Donald Trump would like to see Americans walk on Mars during his presidency. Nasa would love to get there that quickly, too. The reality of space travel is slightly more complicated, however. From a report: On Monday, during a call with astronaut Peggy Whitson, who was aboard the International Space Station, Trump pressed her for a timeline on a crewed mission to Mars, one of Nasa's longest standing and most daunting goals. "Tell me, Mars," he asked her from the Oval Office, "what do you see a timing for actually sending humans to Mars? Is there a schedule and when would you see that happening?" Whitson answered by pointing out that Trump, by signing a Nasa funding bill last month, had already approved a timeline for a mission in the 2030s. She added that Nasa was building a new heavy-launch rocket, which would need testing. "Unfortunately space flight takes a lot of time and money," she said. "But it is so worthwhile doing." Trump replied: "Well, we want to try and do it during my first term or, at worst, during my second term, so we'll have to speed that up a little bit, OK?" It was not clear whether the president meant the remark as a quip or something more serious.

11 of 444 comments (clear)

  1. Re:Ego vs Science by Oswald+McWeany · · Score: 5, Interesting

    For the record: I am very pro humans going to Mars. I realize the hurdles, I realize the dangers. I realize we can't economically achieve it right now. I believe in the Buzz Aldrin model of an initially one way trip, I'm aware there is a high risk of life in the early days, (so should any applicant to go).

    With all that said, if it takes Trump's ego to get us to Mars, I am all for that. He might actually be one of the very few men at the top willing to risk the political backlash of failure.

    Even if we're going for the wrong reasons, I would be glad if we took the steps.

    --
    "That's the way to do it" - Punch
  2. Re:Second term? by Oswald+McWeany · · Score: 4, Interesting

    You underestimate the stupidity of humanity. Have you ever met people?

    I work in IT support. Are people as bad as users?

    Worse, and there is some overlap. Some users are people as well.

    --
    "That's the way to do it" - Punch
  3. Re:Mars by Rei · · Score: 3, Interesting

    Enough with Mars. We cannot live on Mars. Ever. The difference in gravity and radiation will guarantee that. You can't fix biology and evolution. And don't say "live in caves" or "underground". Give us all a break.

    So, Venus's middle cloud layer, then?

    --
    "He's a liar whose lawyer is lying about his lying lawyer's lies."
  4. I love it by Anonymous Coward · · Score: 1, Interesting

    A President finally challenges NASA like Kennedy and everyone jumps down his throat because of who is saying it. Trump comes from a world where the delays and cost over runs from NASA the last 20 years are not acceptable. NASA is so risk adverse they can't accomplish their goals. What Trump should do is mandate the test pilot approach again, admit that space exploration will cost lives, and tell them to start getting things done.

  5. Re:Of course he's serious by gtall · · Score: 5, Interesting

    "The man is so completely divorced from reality that there's really no way to anticipate what he will do." One constant is that everything he does is about himself. Another constant is that he destroys everything he touches. He loves "strong leaders", i.e., moral degenerates that will step on anyone...errr...like him. The only exceptions are the ones where he thinks he can aggrandize perception of himself by going against a "strong leader" as in Lil'Kimmy and Assad.

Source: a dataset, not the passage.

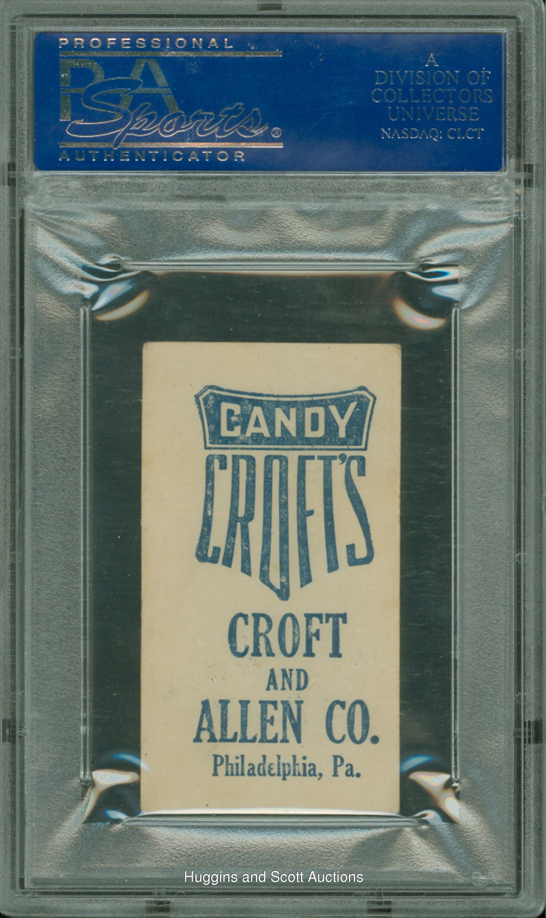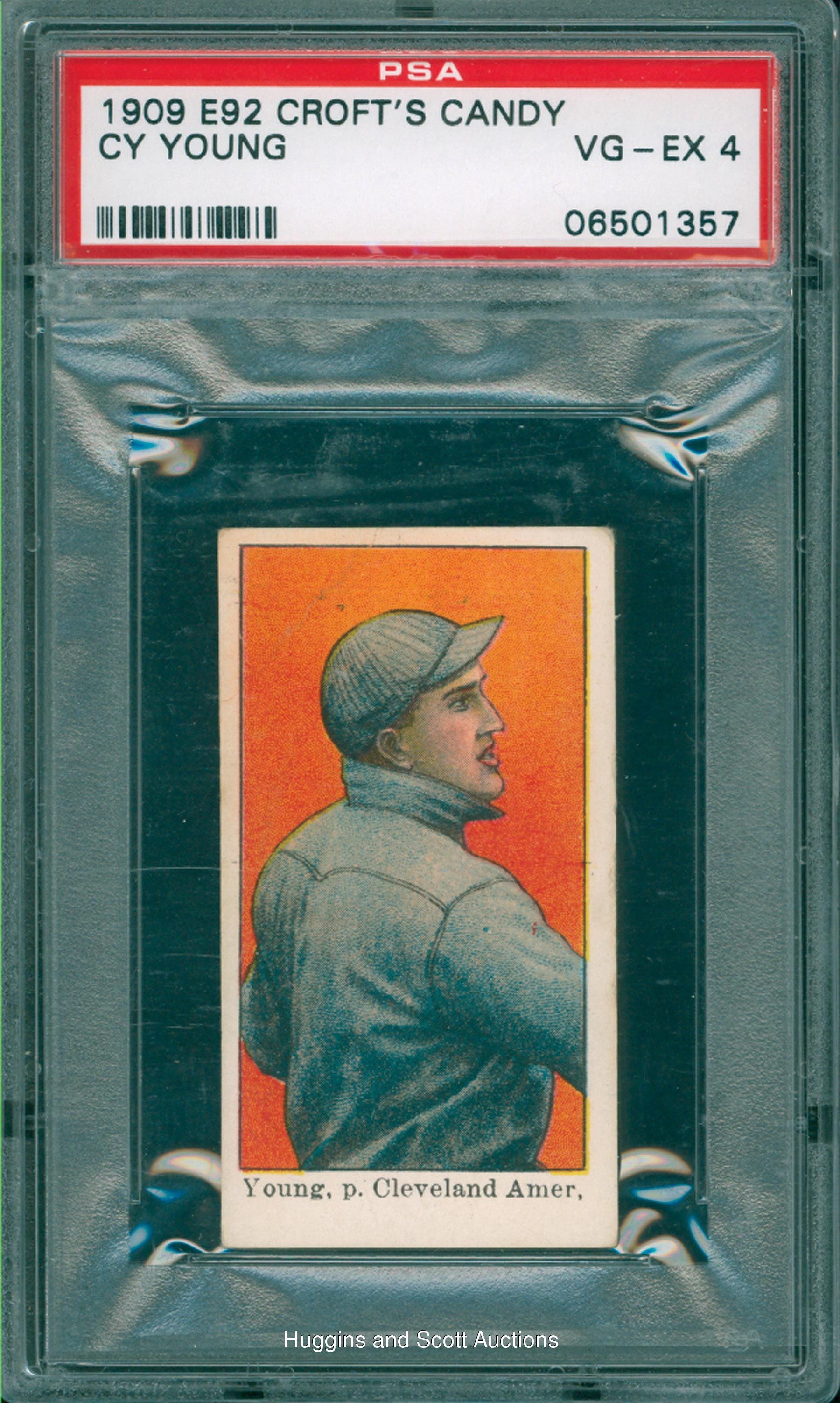 An integral card in the 1909 E92 Croft’s Candy series is found with the offered Cy Young example. Judged VG-EX 4 by PSA, only four such examples have been judged by the grading service. This blue-backed beauty boasts solid coloring, precise registration and a clean advertising reverse. Despite a barely distinguishable crease that traces through the upper left reverse, this scarce Hall of Fame relic will find its rightful place in an advanced collection.

    Another thing to realize is that he's lost control of his administration, although that is putting it euphemistically. The Defense Dept. is doing things he doesn't understand. His own EPA administrator was exhorting the coal wackos to lobby Trump against the climate accords, as though EPA wasn't really part of the Cabinet. The Cabinet has gone off on their own, even his ghost minders have been sidelined. Treasury's minder got shunted off to a basement office. The rest are being "reassigned" by the Cabinet secretaries. How could they do that if that asshole was in charge? Even his "tax plan" was joke. It was written on a single piece of paper because his attention span won't allow him to comprehend any more. The people writing it know it is crap, but they also know giving him a sheet of talking points makes him feel like he's the President.

    He's in charge of nothing except screwing things up.

  6. I think some of you need to be more flexible by burhop · · Score: 2, Interesting

    I was a bit surprised by some of my fellow slashdotter's negative comments on this.

      I've really hated the lack of focus on science and ignoring of scientific facts in the current administration. While I'd love to sell science funding for science's own sake, it is just not working well with a lot of our population and government representatives.

    As the same time, we know putting a man on the moon generated a huge amount of scientific research and learning. So if the current administration wants to characterize funding as helping "go to Mars", I'm glad to live with it given the scientific work that will be generated because of it.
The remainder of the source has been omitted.